Objectives: To identify risk factors for developing community-acquired pneumonia (CAP) in seniors.
Design: Nested case-control study.
Setting: Group Health, a health maintenance organization in Washington state.
Participants: One thousand one hundred seventy-three immunocompetent seniors with CAP and 2,346 age- and sex-matched controls, sampled during influenza seasons and pre-influenza periods of 2000/01 and 2002/03. CAP cases were presumptively identified according to diagnosis codes assigned to outpatient and inpatient encounters and validated according to review of chest radiograph reports or medical records.
Measurements: Medical records were used to assess body mass, the presence and severity of cardiopulmonary and other chronic diseases, and the presence of functional or cognitive impairments. Use of prescription medications and inpatient, outpatient, and home medical services were identified from administrative databases.

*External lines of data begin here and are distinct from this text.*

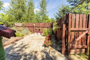 Территория возле дома выложена настилом, есть мангальная зона, качеля, место для тренировок.
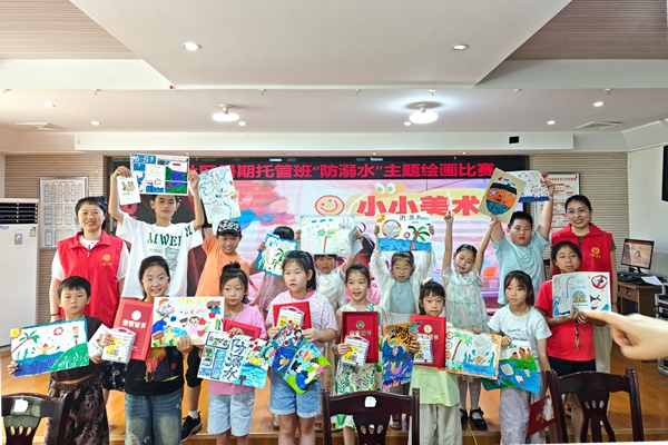 近日,在天長市廣陵街道潯河社區二樓活動室內,孩子們在志愿者的指導下認真涂鴉,精彩的防溺水主題美術課程給孩子們的暑假生活增添了幾分色彩。
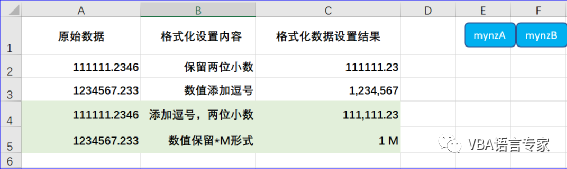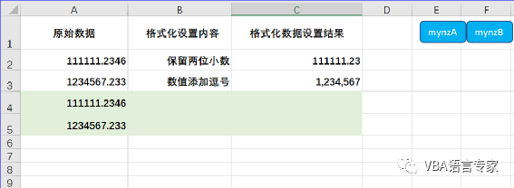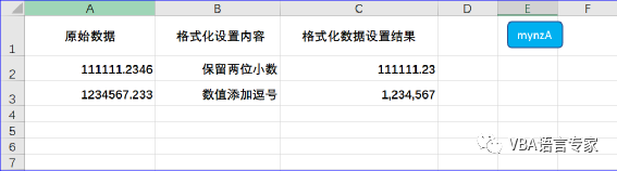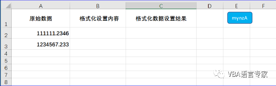 在这个实例中我们利用VBA完成单元格的数字格式属性设置。在此示例中,我们希望将单元格C2的十进制小数点位数设置为2,单元格C3添加逗号,使其更具可读性。C1和C2单元格的值都等于响应A列单元格的值。原始数据如下截图:
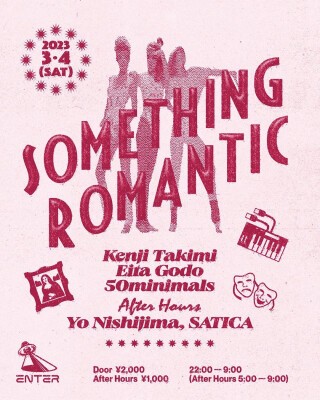 Enter初登場、DJ界におけるMaster of The Romanticとも評されているKenji Takimiを筆頭に、Eita Godo、50minimalsという個性の光るDJたちがRomanticという広義なワードをヒントに音楽を紡ぐ。
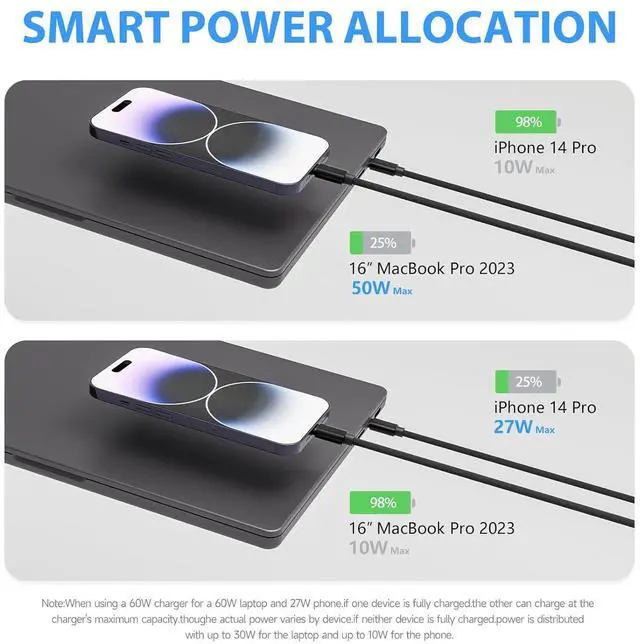 It supports a total power delivery of up to 100W with smart dynamic power distribution to optimize speed for both connected devices such as a laptop and a phone. (Please use a charger with a power of 100W or higher. The charger is not included. Smart Dynamic Power Sharing Our 2 in 1 multi charger cable Equipped with an intelligent power management chip the cable automatically and safely allocates the maximum available power between the two ports. For example the 2 in 1 multiple charger cord can deliver 70W to a laptop while simultaneously providing 30W fast charging to a smartphone.

Results: Independent predictors of CAP include the presence and severity of cardiopulmonary disease, low weight and recent weight loss, and poor functional status; 42.0% of pneumonia cases can be attributed to underlying cardiopulmonary disease.
Conclusion: Seniors with cardiopulmonary disease, poor functional status, low weight, or recent weight loss have a greater risk of developing CAP. Preventative efforts should be targeted toward these individuals.